The Minister for Health, Hon Daniel Andrews, informed a large group of midwives at the ANF (Vic Branch) conference today that midwives in private practice "need to have dialogue with us [the Department] about what would need to be included in pilot schemes [for hospital auspiced homebirth] for MIPPs to be part of them." There were three or four MIPPs in the gathering of over 150.
Minister Andrews was giving the opening address at the midwifery conference. Much of what he had to say was the same spin we had heard previously. He stressed the importance of his government's plan to introduce hospital-auspiced homebirth, and strongly reiterated his previous statements that he would not be providing any support for independent midwives to obtain indemnity insurance.
He stated that exemptions [from indemnity] would compromise the integrity of the scheme. He avoided the fact that the pilot homebirth programs are no more than a vague plan - not a reality. He said they will be up and running in 2010. [we will see!]
It was clear to me that the health minister is more interested in neat systems and schemes, putting people into boxes, than in respecting the individual woman's autonomy in primary care options, or the individual midwife's right to hang up a shingle and provide this very basic level of care in communities. This is socialist health policy on steroids - restrictions and bureaucratic systems taking precedence over the individual's right to choose who provides the most intimate care in bringing children into the world.

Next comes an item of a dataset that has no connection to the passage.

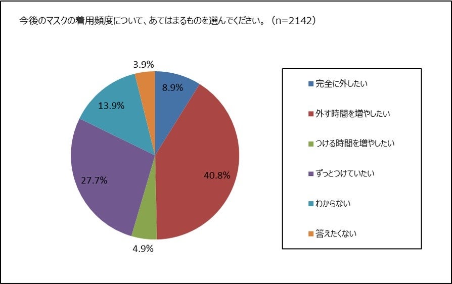 ② 今後のマスク着用、「外したい」約5割。「ずっとつけていたい」約3割。

Andrews was dismissive of women who seek private midwifery care. He declared that homebirth is not an important option to most Victorian women. The numbers of women and midwives are too small to matter. His 'hospital in the home' style of homebirth will provide choice for "a lot of women" - tick the choice box! Too bad that most of the women in the State who will be seeking private midwifery services for births after i July next year will not be in the vacinity of the two hospital-auspiced homebirth programs. They will have to make the best choice from what's available to them. They can choose primary care from a private (specialist) obstetrician who may or may not be around if they labour spontaneously, and for that matter who has no skill in the midwife's terrain of physiological birth; or they can choose whatever fragmented model of maternity care is available via the local hospital and general practitioners, with a 'lucky dip' option of midwife allocation in the hospital when midwifery services are most needed. Or, of course, they can choose to DIY - stay at home without a midwife.
Women must stand strongly against the arrogance and rudeness of politicians who refuse to listen. Women who want a midwife to provide primary care - whether the birth is at home or hospital - actually want to avoid costly medicalisation of their births. They want the skill a known midwife brings to their birthing, enabling and protecting normal birth in most cases. Surely this is not too much to ask?